Task statement: Span requested from the data below: the line with "ವಿದ್ಯುತ್ ಶಾರ್ಟ್ ಸರ್ಕ್ಯೂಟ್" through the line with "The Opal model", both included. Give only these lines again, exactly, and leave every picture out.

[[ Dataset records open ]]

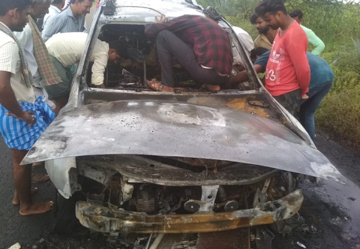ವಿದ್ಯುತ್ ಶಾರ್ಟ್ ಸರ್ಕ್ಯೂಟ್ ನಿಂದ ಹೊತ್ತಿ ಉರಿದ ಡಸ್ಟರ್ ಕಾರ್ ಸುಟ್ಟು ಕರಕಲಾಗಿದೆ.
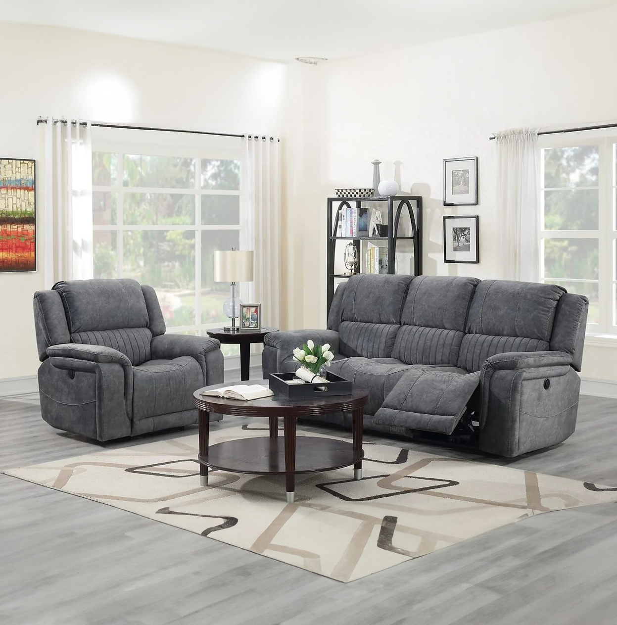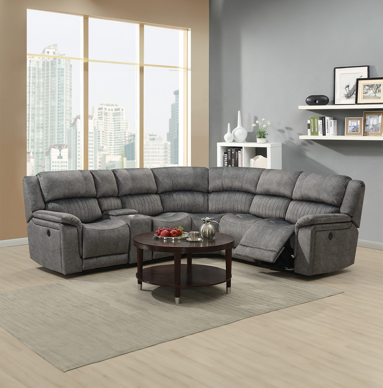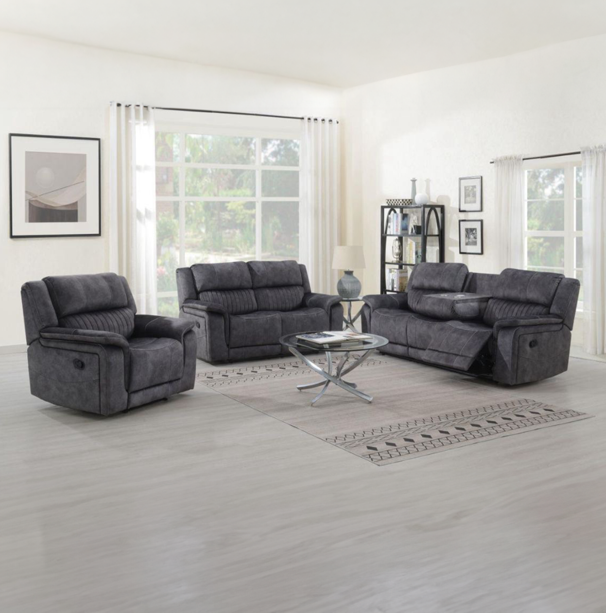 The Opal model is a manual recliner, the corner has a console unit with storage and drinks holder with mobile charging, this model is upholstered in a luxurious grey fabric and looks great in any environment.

[[ Dataset records closed ]]
[[ Dataset records open ]]

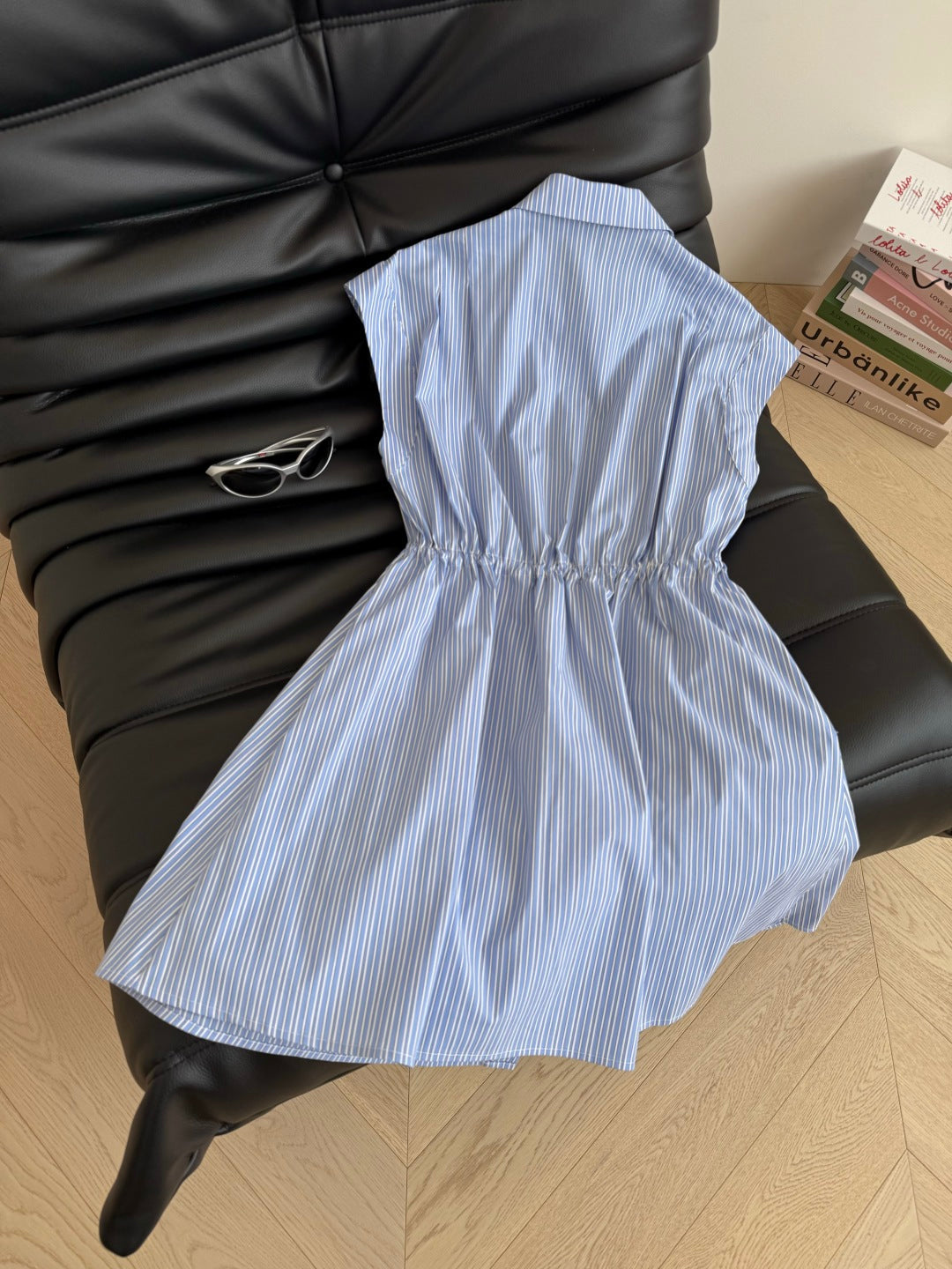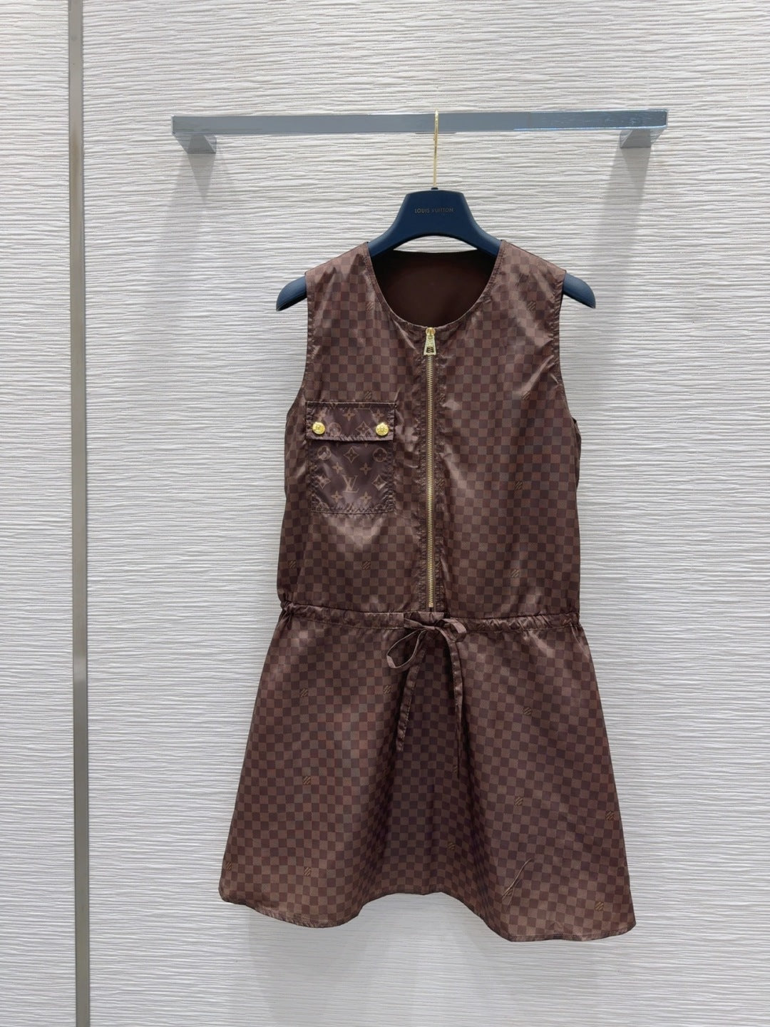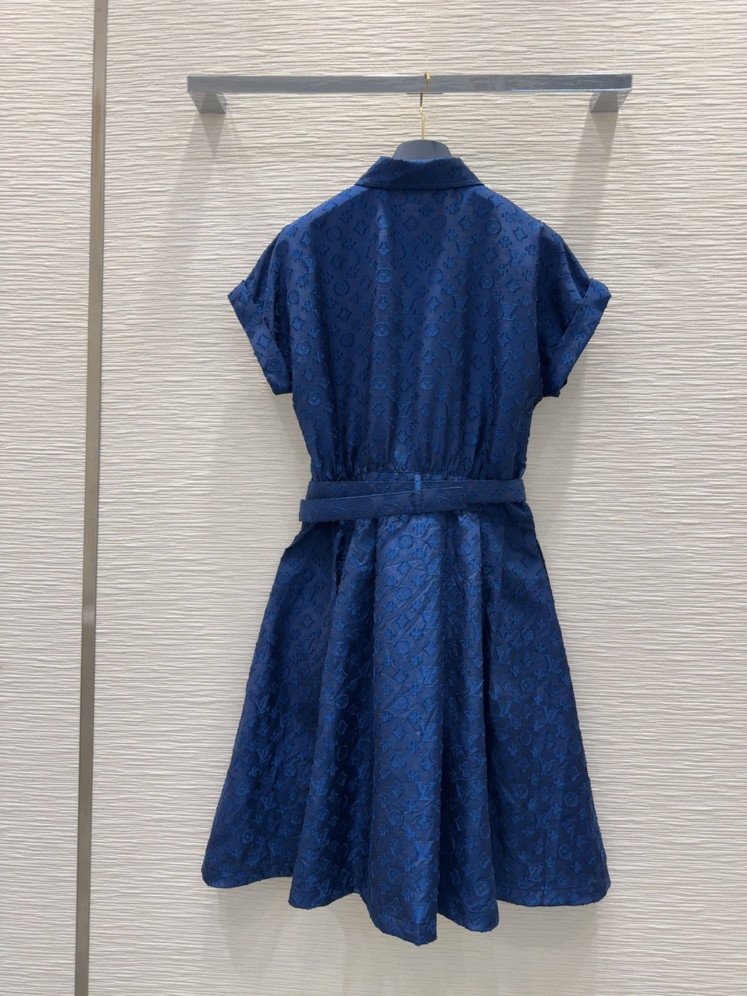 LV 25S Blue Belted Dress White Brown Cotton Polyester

[[ Dataset records closed ]]
[[ Dataset records open ]]

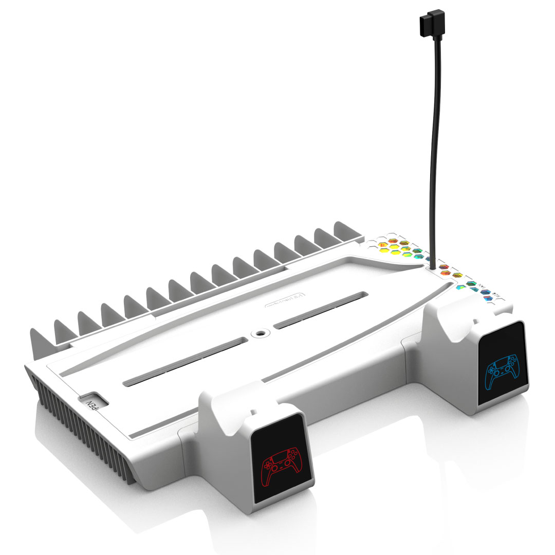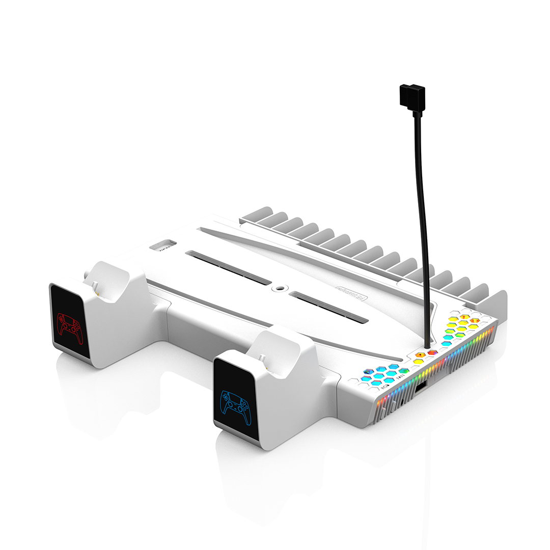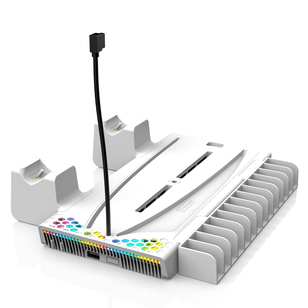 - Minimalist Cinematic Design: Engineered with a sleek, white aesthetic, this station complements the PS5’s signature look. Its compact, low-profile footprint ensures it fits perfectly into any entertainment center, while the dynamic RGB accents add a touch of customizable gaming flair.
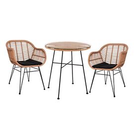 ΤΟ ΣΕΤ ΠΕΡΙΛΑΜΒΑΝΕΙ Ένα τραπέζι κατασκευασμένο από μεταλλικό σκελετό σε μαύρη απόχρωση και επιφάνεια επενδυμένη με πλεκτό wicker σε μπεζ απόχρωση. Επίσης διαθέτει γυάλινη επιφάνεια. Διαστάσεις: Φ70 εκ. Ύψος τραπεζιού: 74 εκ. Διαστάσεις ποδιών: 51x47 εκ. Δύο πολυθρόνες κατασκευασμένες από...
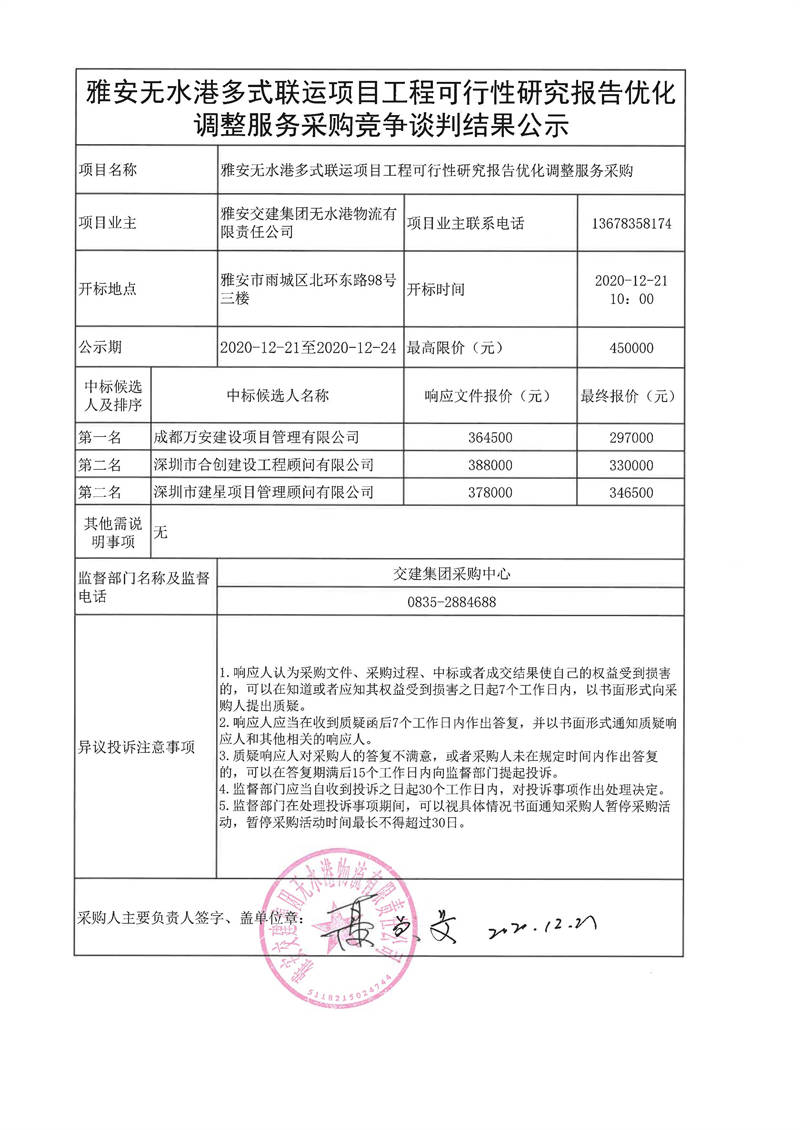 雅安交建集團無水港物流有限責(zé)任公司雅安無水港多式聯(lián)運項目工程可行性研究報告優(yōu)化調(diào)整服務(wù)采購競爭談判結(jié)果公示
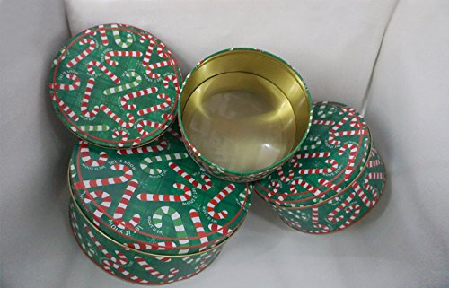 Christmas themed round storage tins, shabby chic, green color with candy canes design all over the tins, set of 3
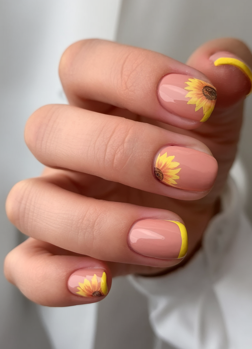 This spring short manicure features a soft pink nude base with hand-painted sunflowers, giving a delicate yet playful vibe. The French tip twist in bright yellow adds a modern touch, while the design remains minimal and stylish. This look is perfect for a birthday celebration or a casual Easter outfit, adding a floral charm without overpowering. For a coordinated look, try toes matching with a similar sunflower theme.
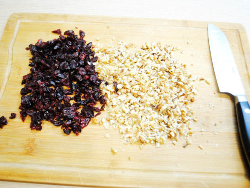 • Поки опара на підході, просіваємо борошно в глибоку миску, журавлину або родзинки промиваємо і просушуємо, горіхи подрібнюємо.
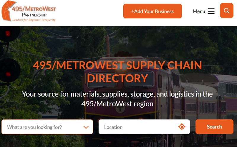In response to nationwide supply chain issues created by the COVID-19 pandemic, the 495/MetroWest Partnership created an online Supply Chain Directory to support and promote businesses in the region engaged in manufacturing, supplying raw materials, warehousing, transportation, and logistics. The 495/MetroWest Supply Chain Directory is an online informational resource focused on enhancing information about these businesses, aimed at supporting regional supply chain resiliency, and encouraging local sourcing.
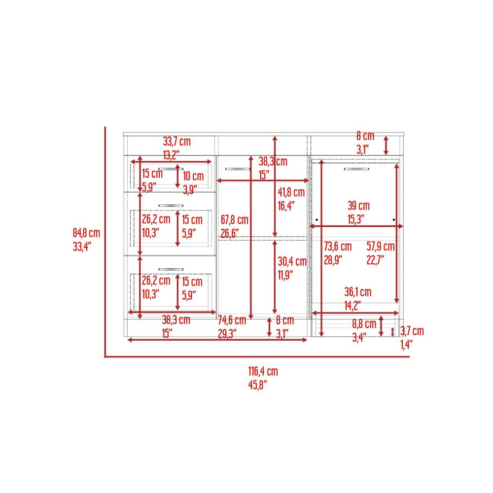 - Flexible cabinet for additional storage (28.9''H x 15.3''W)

[[ Dataset records closed ]]

Reply:
ವಿದ್ಯುತ್ ಶಾರ್ಟ್ ಸರ್ಕ್ಯೂಟ್ ನಿಂದ ಹೊತ್ತಿ ಉರಿದ ಡಸ್ಟರ್ ಕಾರ್ ಸುಟ್ಟು ಕರಕಲಾಗಿದೆ.
 The Opal model is a manual recliner, the corner has a console unit with storage and drinks holder with mobile charging, this model is upholstered in a luxurious grey fabric and looks great in any environment.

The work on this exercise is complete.